Bangla-Pesa only restricted to the slum acted as a voucher for trade. This allowed for circulation control of the alternative currency that saw business people exchange goods for services and vice versa.
Practically, business men and women would evade product backlog and waste by acquiring a basic service in exchange. For Example, a motorcycle taxi driver may have the capacity for 20 trips a day but only takes five. At the same time, a fish vendor throws out 20 percent of her stock. With Bangla-Pesa, the fish vendor can buy a ride to the market instead of walking; the taxi driver can buy the excess fish, or something else.
The American economist however sparked an outcry from Kenya’s Central Bank that accused him of undermining the shilling. Mr. Ruddick was therefore charged and arrested but later released. The government declared the currency illegal and anyone found using it would therefore face the law.
Today, the Central Bank of Kenya resumes similar warning this time round being the rise of barter trade in Supermarkets. Since last year, retail shops have carried on the trend of giving customers sweets, matchboxes and airtime for lack of coins.
Supermarket attendants confidently hand buyers sweets instead of currency with some even asking for type preference. Again, the deed has been condemned as the violation of the law to deny customers the possibility of obtaining their change in Kenyan currency. The bank has come forward to say it has enough coins and therefore giving alternative products for change should stop with immediate effect.
With opposition of any other trading methods that do not involve currency, the Kenyan government has put it clear that barter trade is illegal in the country.
Kenyans holding coins
Retail markets have blamed their behavior on shortage of coins in the market which is a repeat of 2011 ‘coin crisis’. Back in the year, the market ran out of coins which forced the bank to inject a whole 9 million worth of coins to revive circulation in the market.

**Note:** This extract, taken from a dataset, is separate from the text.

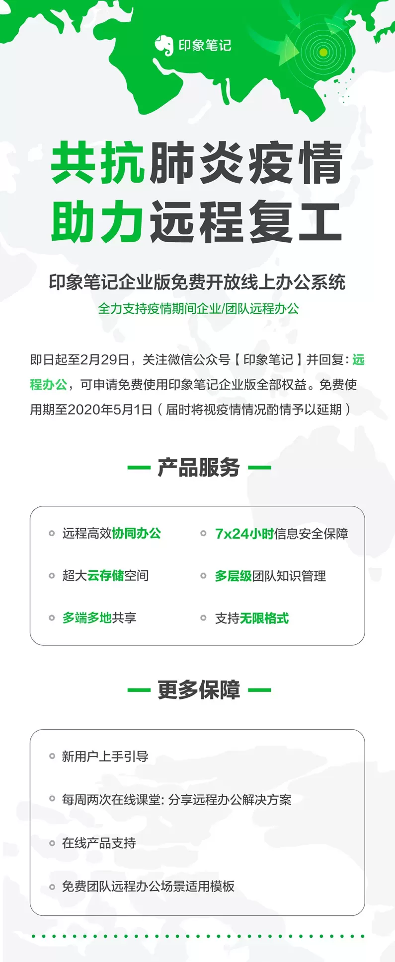 此次免费使用截止日期为2020年5月1日,届时将视疫情发展酌情予以延期。在此期间,印象笔团队还将为用户提供免费的远程办公在线课堂、7×24小时信息安全保障等一一系列保障服务——为中小企业及团队提供最完善的办公生产基础设施。

The bank however blamed the public for holding coins in their home. Kenyans dislike currency in form of coins. ‘matatu’ conductors have developed the culture of rejecting coins as a form of payment. In fact, I have ridden to town for free for availing a bunch of coins for fare payment.
This has resulted to coin containers in our houses since shopkeepers also refuse one shilling coins claiming bulkiness. CBK should often unveil ‘coin week’ and “Chomoa Coin” campaigns like they did in 2011 to manage circulation of the currency in the country.